Browse Exhibits (2 total)

A Collection of Very Valuable and Scarce Pieces Relating to the Last Plague in the Year 1665

A Collection of Very Valuable and Scarce Pieces Relating to the last Plague in the Year 1665 (London, 1721) is a book which includes a collection of documents relating to the plague in London.  This book was used to help prevent future diseases from being as destructive as the plague was in London during the late-sixteenth and seventeenth centuries.  The first chapter includes orders made by the Mayor Lord of London that were meant to help prevent the spread of disease.  This section includes instructions on when to report illness, how to handle sick patients and their belongings, as well as other orders the Mayor believed would be effective in containing the spread of disease.  The second section of the book includes personal accounts from Dr. Hodges on different symptoms as well as his experiences with the disease. The third section presents remedies and possible cures for the plague.  The book also includes the weekly bills of mortality for three different bouts of plague that hit London.  The final part of this book includes an account of the Plague of 1665 in Italy.  This book is a compilation of different documents on how to handle disease.



New England's Prospect


This exhibit looks at the book New England's Prospect by William Wood.  The book itself was written as a travel guide in 1635 for anyone that might be interested in traveling the northeastern United States.  It gives some information on weather, animals, fruits, herbs, and Native Americans.  The focus of the first half of the book centers on the wildlife and environment of the northeastern United States.  Wood describes what herbs are good to eat, as well as when it is the best time to hunt dear.  He then goes into detail on each individual town, and even gives some insight into a number of Native American communities.  In the second part, Wood gives some insight into Native American language and tradition.  Wood takes the time to look at each individual tribe, as well as their traditions, political structures, and religious practices.  In the last few pages, Wood offers a number of translations so as to improve the travelers’ ability to interact with the indigenous peoples.
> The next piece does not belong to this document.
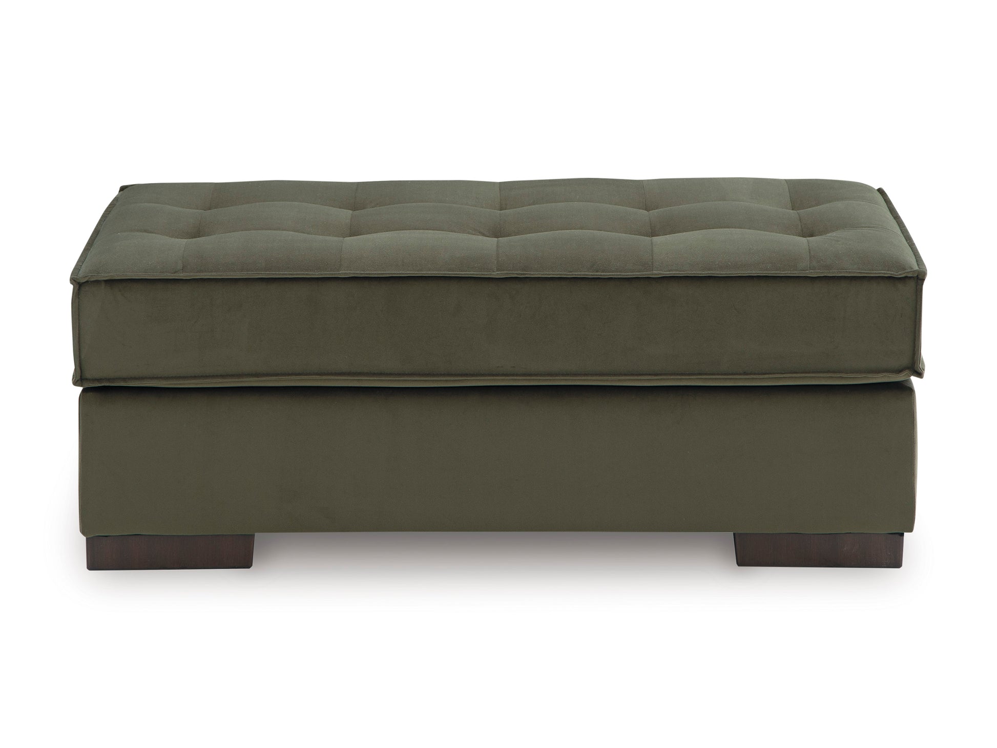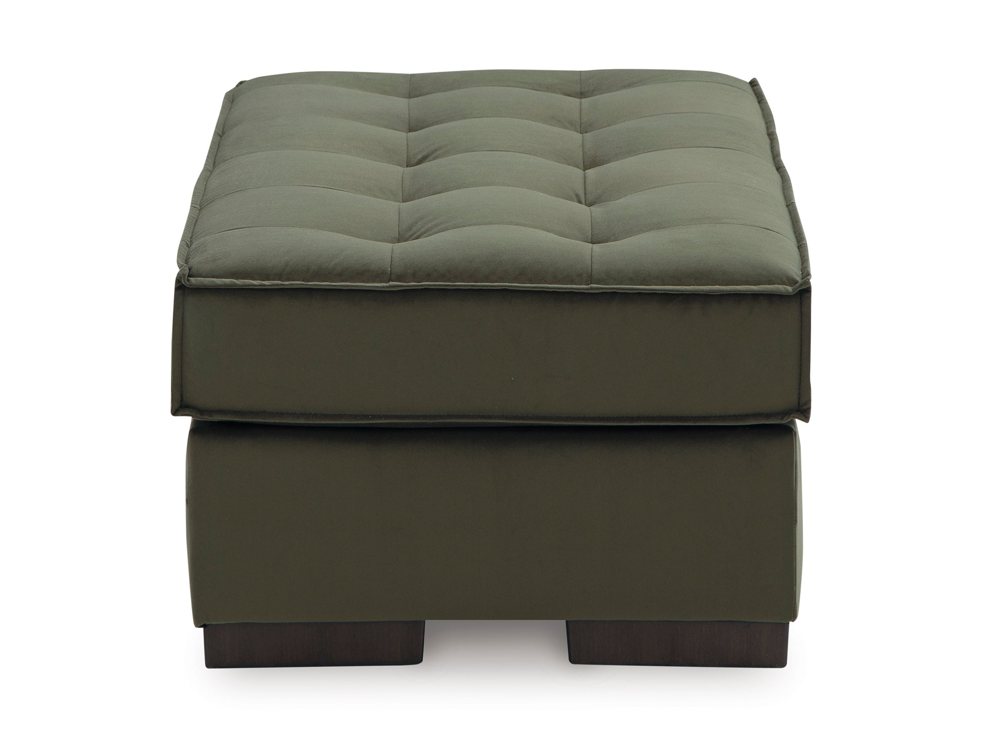 This sleek oversized accent ottoman offers a highly contemporary look with plenty of space to spread out. Dramatic tufted detailing and luxurious upholstery in a rich olive color create a sophisticated atmosphere. This ottoman is perfect for those who love to entertain, or simply relax, in uptown style and comfort.

It gives the reader a large amount of information and assumes that they have no background in the region before opening the book.  However, New England’s Prospect differs from a normal piece of travel writing in a number of ways.  Firstly, it assumes that the reader has the intention of going to New England and actually utilizing the text as a guide.  Secondly, it gives almost no personal background and insight throughout the text.  While Wood does mention a select number of anecdotes, he does not couch the text in story. In many ways, it is written like a contemporary travel guide, such as Lonely Planet.